Mostly though, the agent would say things like „The configuration has been stored“ without invoking any action at all. This, of course, is the worst case for us, as there is no way a user could know that something just went wrong.

Given the semi-deterministic nature of the models we are working with here, it’s of course hard to reach 100% correct behavior every single time, but the agent seemed to be actively avoiding invoking actions that would require a confirmation.
With some prompting changes we have managed to get the agent to behave correctly in roughly 40% to 90% of cases, very much depending on user input.

What’s missing (as of 24.9.24)

Cross-Product Usage

Atlassian’s agents seem to be able to work cross-product, ie can access Confluence from within Jira and vice-versa. This is not only extremely useful, it will be very much expected of app-supplied agents early on. Not being able to meet this user expectation will not only block certain use-cases, but will also frustrate users.

Automation integration

We know it’s coming, but we have high hopes for this feature. Being able to make use of the AI asynchronously, ie without direct user interaction, will unlock a lot of potential for us (and most likely everyone else here).

Some tips

Drafting a prompt

While every AI will behave differently, we still found it useful to draft a prompt either using ChatGPTs web interface or a local LLM. Since we wouldn’t need to re-deploy a complete app for every slight change to the prompt, there was quite a speed-up in turn-around time.
Of course, this only works up to a point and is not useful anymore, once you get to fine-tuning your prompts.

Protect your prompt

Your agent’s prompt will not be displayed directly in the UI, but it’s still possible to trick an agent to revealing its prompt. Mostly, you can just ask an agent:

Clean up your data

When first trying out agents, we were amazed by the ease with which the AI was able to understand unprocessed JSON responses from the actions. However, we found that it does make a lot of sense to tailor the responses to make it easier for the LLM to work with.

Hope any of that is helpful. Thanks again for letting us take part in the EAP.

smansour · September 24, 2024, 3:34pm

Wow, incredible feedback - we’re very grateful for this - thank you!
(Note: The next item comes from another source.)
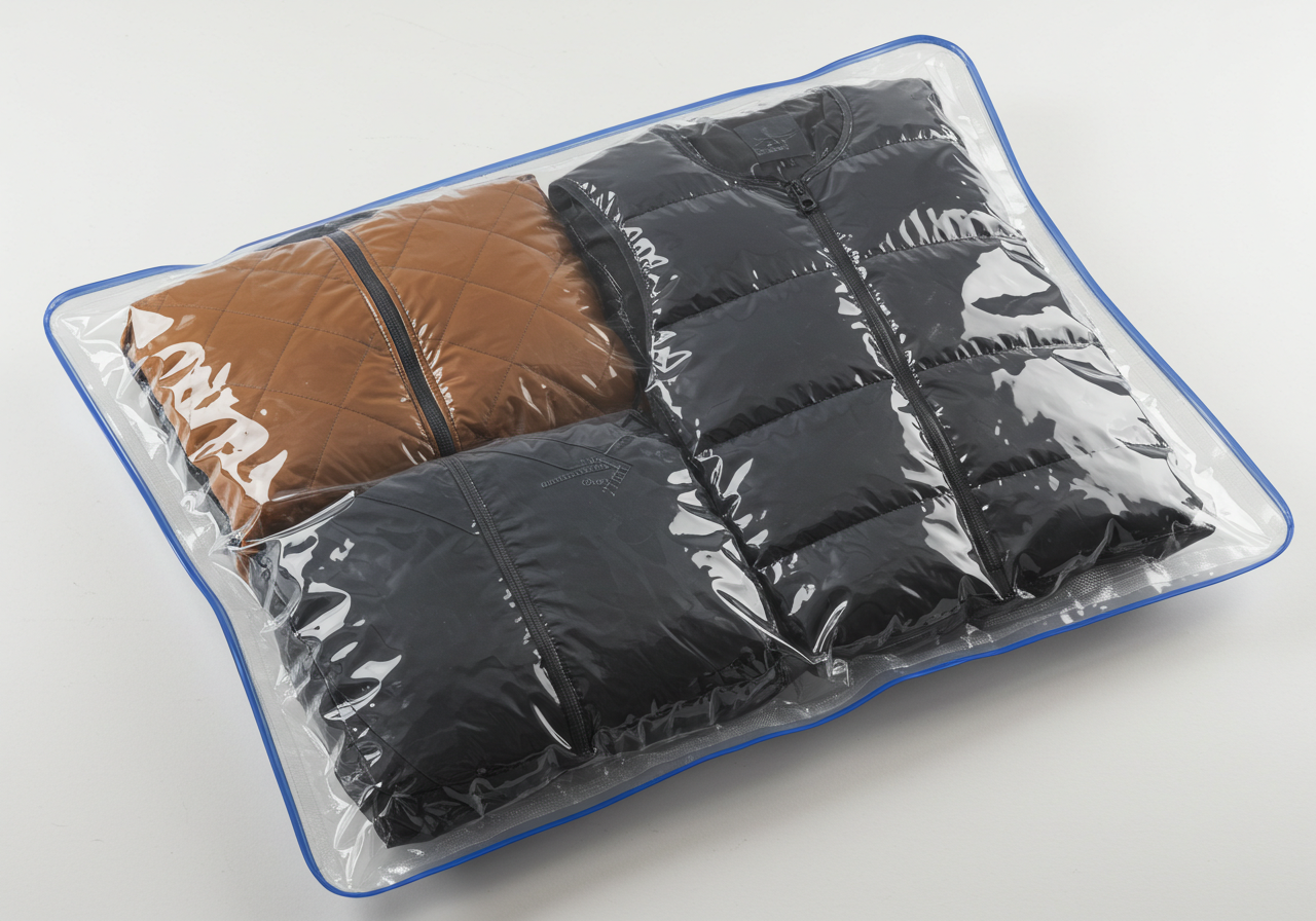 계절 옷은 부피가 크고, 한동안 사용하지 않기 때문에 진공 압축팩이나 지퍼백형 압축 봉투를 이용해 보관하면 공간을 크게 절약할 수 있습니다.

I’ll let @AdamMoore jump in with all the responses in more detail, but just some quick reflections.

Cross-product usage for Forge-based agents: We would love this. This is something in our sights, but there is a bigger issue here around cross-product Forge apps. We will get to this, don’t have a date yet.

Automation integration: Well… a little gift is coming soon stay tuned. Here is an example
of me geeking out with Automation + no-code based Agents for
Confluence: No-code Rovo Agent Demo: Language Translation Agent | Loom
Jira: No-code Rovo Agent Demo: Jira Issue Theme Analyser | Loom

osiebenmarck · September 24, 2024, 4:21pm

Thank you @smansour! The automation part really looks great and we can’t wait to try that

UlrichKuhnhardtIzym1 · September 25, 2024, 12:55am

How did you manage to get access? Is there a back-channel? Going through the front door and requesting access (FRGEAP-406) didn’t get any response.